А потом вдруг подумал: вы пишете ложь, вы не знаете правды, но почему-то не удосуживаетесь ее узнать. Зачем вы это делаете? Наверное, именно затем, чтобы я закричал: «Нет, не прав имярек! Он жулик, который лжет!» (Был такой мерзкий Булгарин, который прославился и вошел в историю литературы только благодаря тому, что писал пасквили и доносы на Пушкина и Грибоедова. Реально Пушкина с Грибоедовым сегодня нет, а булгариных – море.) Ты хочешь, чтобы я тебе доказывал, что я другой? Но разве можно тебе это доказать, если ты не желаешь ничего знать? Я хочу, чтобы только те люди, которых я уважаю и люблю, знали и чувствовали, какой я на самом деле. Эти люди не будут требовать от меня доказательств. А вот вы, которые пишете, будто я собираюсь обанкротить Союз кинематографистов, или строю ипподром где-то в чистом поле под Нижним, или прибрал к рукам какой-то сахарный завод в Ульяновске… Вы сделали из меня монстра – так и бойтесь его сами! Чем хуже вы меня оцениваете, тем страшнее вам со мною общаться.

И бог с вами!

Бедный мой старик-отец, которого поносят до сих пор. Как-то я сказал ему: «Отец! Люди, которые дожили до девяноста лет, даже до восьмидесяти, давно никому в стране не нужны. О том, что они еще существуют, знают только они сами и родственники, которые за ними ухаживают. На тебя выливают ушаты грязи? Да ты счастлив должен быть! Ты их возбуждаешь! Любому человеку пожелаю, чтобы к девяносто годам, никого не убив, не зарезав, не будучи диктатором, Пиночетом, он так же возбуждал общество». (I, 102)

(2010)

Интервьюер: Вы сейчас под пулеметным огнем со всех сторон. Вас атакуют за фильм «Утомленные солнцем – 2», за Союз кинематографистов, за распределение госдотаций в кино. Грешным делом подумалось: может быть, Вам просто комфортно «под обстрелом»? Как Вы себя чувствуете в таком положении?

Как на фронте.

Понимаете, страшно бывает, если тебя обвиняют правдиво, справедливо. Если человек вынужден отбиваться от справедливых обвинений, ему приходится оправдываться. А когда обвиняют и ты понимаешь, что это неправда, ложь, то это другая ситуация.

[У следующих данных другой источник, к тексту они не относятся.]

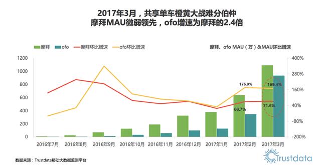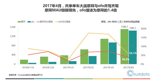 需注意的是,Trustdata發(fā)布的《 2017 年Q1 中國共享單車行業(yè)用戶監(jiān)測陳訴》數據顯示,ofo月活用戶的環(huán)比增速已連續(xù) 7 個月超越摩拜。如今,ofo4 月用戶增速再次超越摩拜,創(chuàng)下用戶增速連續(xù) 8 個月超越摩拜的行業(yè)領先新記錄,持續(xù)成為增長最快的共享單車平臺。
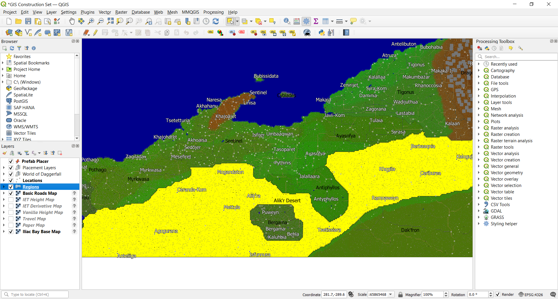 Daggerfall is really big. Far, far too big to work with conventional modding construction sets like those for Morrowind, Oblivion and Skyrim. Geographic Information Systems (GIS) tools, however, are perfect for working at such large scale.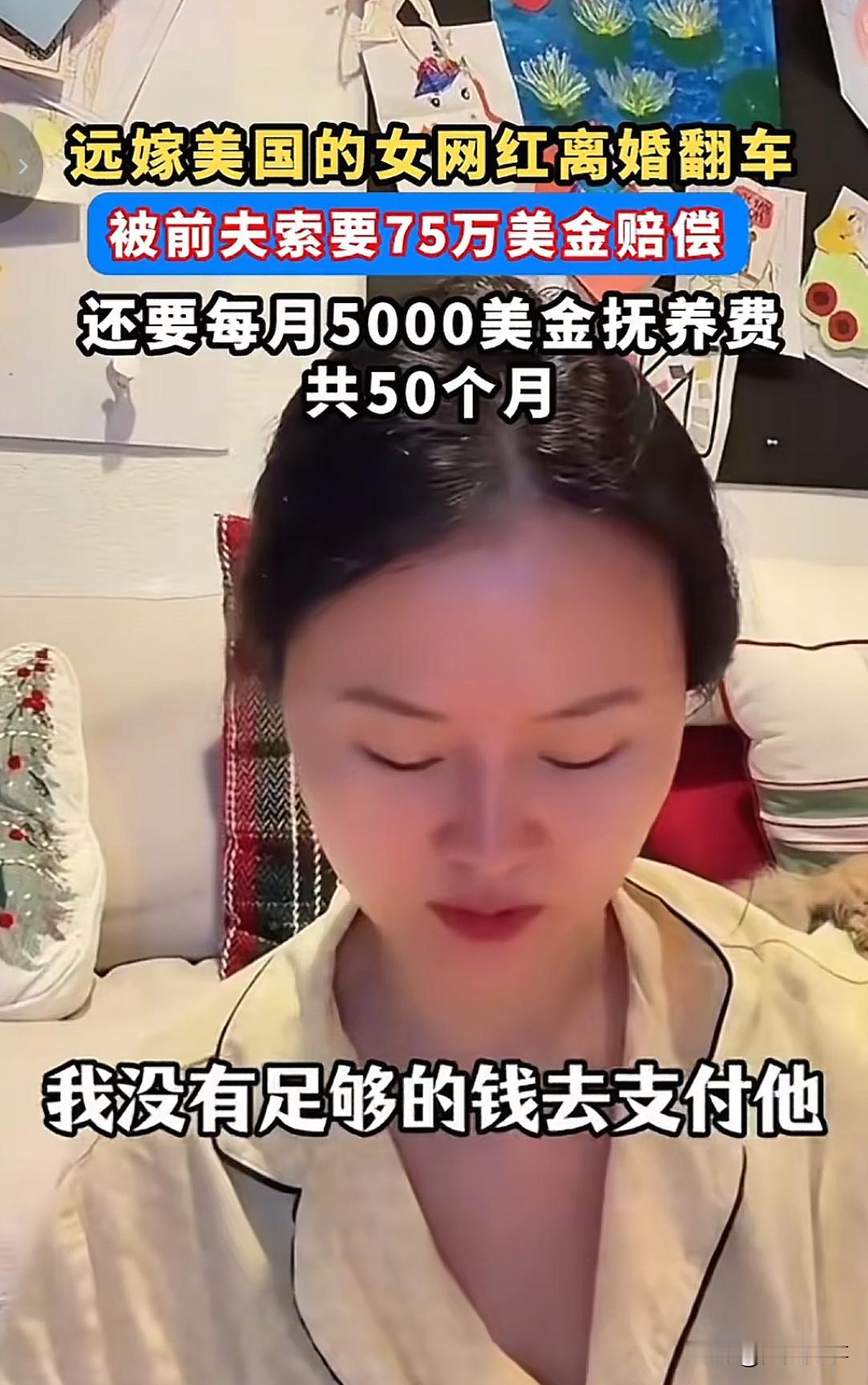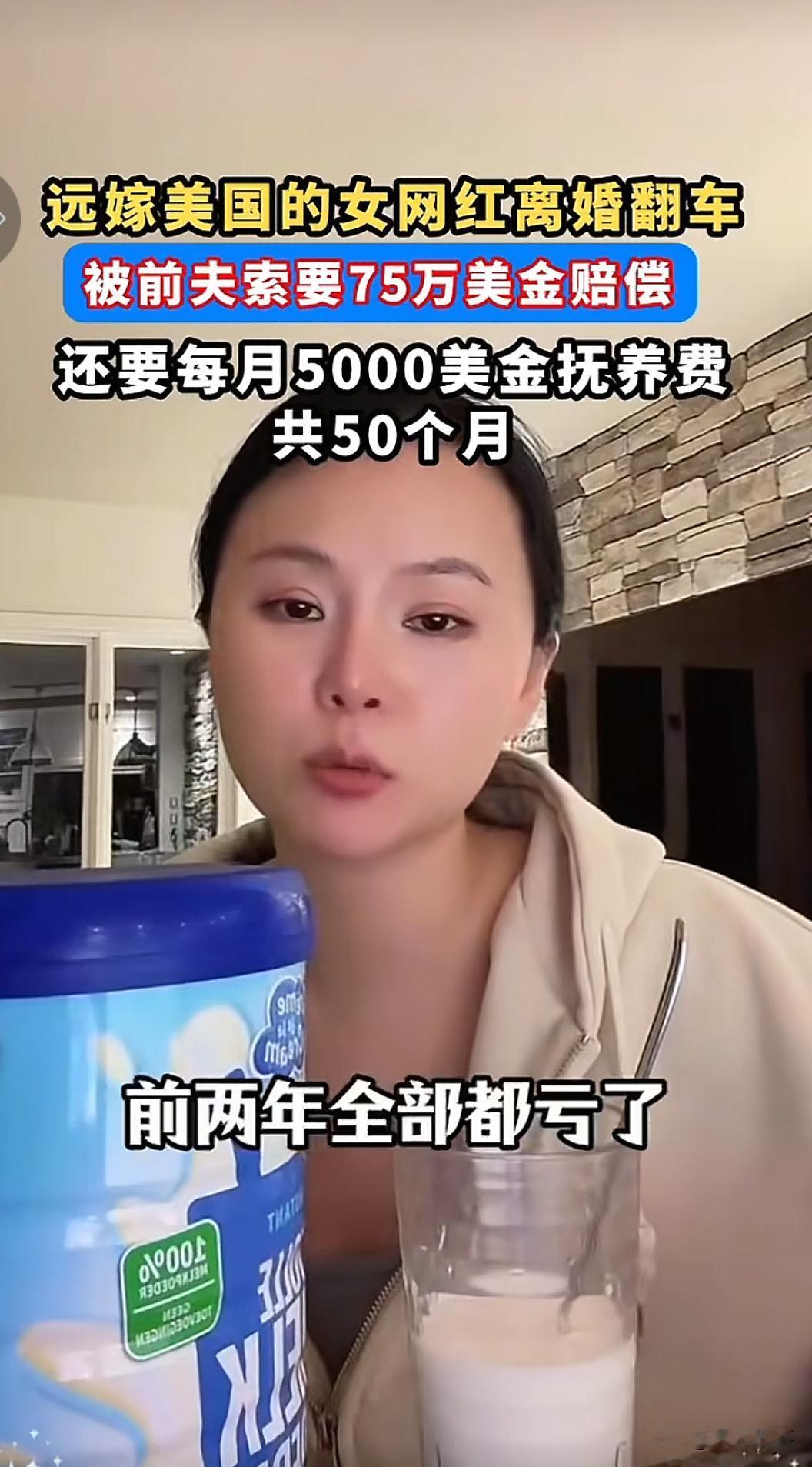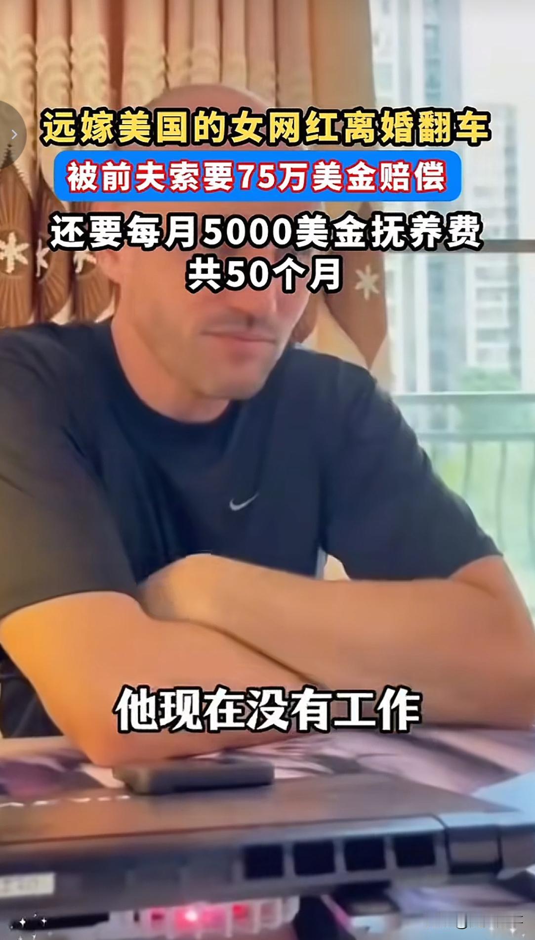 一个长期拍跨国婚姻日常、嗮在美“幸福”生活的女网红翻车了。其最近发的作品,不再是嗮幸福甜蜜、生活安稳、老公体贴,而是控诉那个老白男酗酒、家B、对家庭不负责任,并爆出日常生活中都是她赚钱养家,连日常开支的杂费都需要她来支出。现在提出离婚,那个老白男不但提出70万美刀的补偿,还要求支付50个月、每月5000美刀的“抚养费”!没错,老白男因为没有工作,所以向她这个女的索要抚养费!而且看样子她还必须给。这真的是颠覆三观之后的再颠覆!在结婚的时候啥都没有不说,在婚后倒贴,在离婚时要支付高额赔偿…这种情况在现在的外嫁女中并不少见,她们为了维持自己的体面、让人以为自己嫁了白男之后有高质量的生活,不但编造谎言来秀自己的“幸福”。然而这背后是巨大的生存压力和被暴力对待的现实!房子自己花钱买,贷款自己还,孩子自己带,还要拿钱给老白男外出吃喝玩乐,稍有不满就是一顿拳头!但是为了自己的面子、自己的人设,为了自己的孩子,默默忍受了,但随着收入下降,这种虚假的体面想维持也维持不住了:家庭的巨大开支和白男不断的索取,终于压垮了她,决定长痛不如短痛,来一个了断。却没想到,对方还要趁这个机会捞一票大的!再想想前些天看到的一个新闻:一男子再某红书假冒白男发了几个作品,就收到不少的女人私信。不禁感到可笑又可悲!只能说她们的认知,配得上她们的苦难!

Я так говорю не потому, что я такой хороший. Я вспыльчив, я неуравновешен, бываю невнимателен, пренебрежителен в каких-то ситуациях, излишне резок, хотя, к счастью, отходчив, бываю несправедлив. Это все – правда. Но я не бываю вором. Не насаждаю в Союзе кинематографистов диктатуру. Не могу назначать, как пишут, на выборные должности приближенных себе людей. Не выгоняю инакомыслящих. Это ложь. Просто обыкновенная ложь…

Что касается фильма, то если посмотреть общую панораму нашего кинематографа и найти именно нашу картину, чтобы ее топтать, то я ничего не имею против. Значит, фильм наш попал в точку и ударил по пошлости и гламуру, и сейчас можно увидеть, кто чего стоит, поэтому и приходится моим оппонентам прибегать к примитивной лжи и подтасовкам. Например, пишут, что Михалков всех артистов погубил, а своих детей пожалел. Ну это же просто на уровне… Даже не знаю, как это расценивать. Не замечают даже того, что герой Тёмы < Артёма Михалкова > в финале картины лежит с оторванными ногами и превращается в бугорок под снегом…

Понимаете, я из казачьего рода. И если не иметь этой энергетики, казачьего стержня, который помогает все это переносить спокойно, конечно, человека можно раздавить. Но когда веришь в то, что делаешь, раздавить тебя трудно… Я не верю, что Господь дал нам возможность снять такую картину для того, чтобы ее просто унижали маленькие и злые.

А ироничную реакцию по отношению к себе, которой в последнее время стало много, Вы как воспринимаете?

А Вы не видели «Прожекторперисхилтон»?

Нет.

Ну вот найдите в Интернете и посмотрите.

А для читателей, которые не смогут посмотреть в Интернете, может быть, расскажете все-таки?

Ну… я человек веселый.

Меня огорчает глупость. Но тот, кто говорит глупость, тот в ней и варится. Она не должна прилипать. Меня мама учила: «Никогда не обижайся! Если тебя хотели обидеть, не доставляй удовольствия тому, кто этого хотел, а если не хотели, то всегда можно простить». Поэтому полного удовлетворения я своим критикам доставить не смогу.

А потом, Вы обратили внимание, что вся критика – она очень похожа?

Ну не вся, может быть…

Но суммируя… Это ведь переделки одного и того же, согласны со мной?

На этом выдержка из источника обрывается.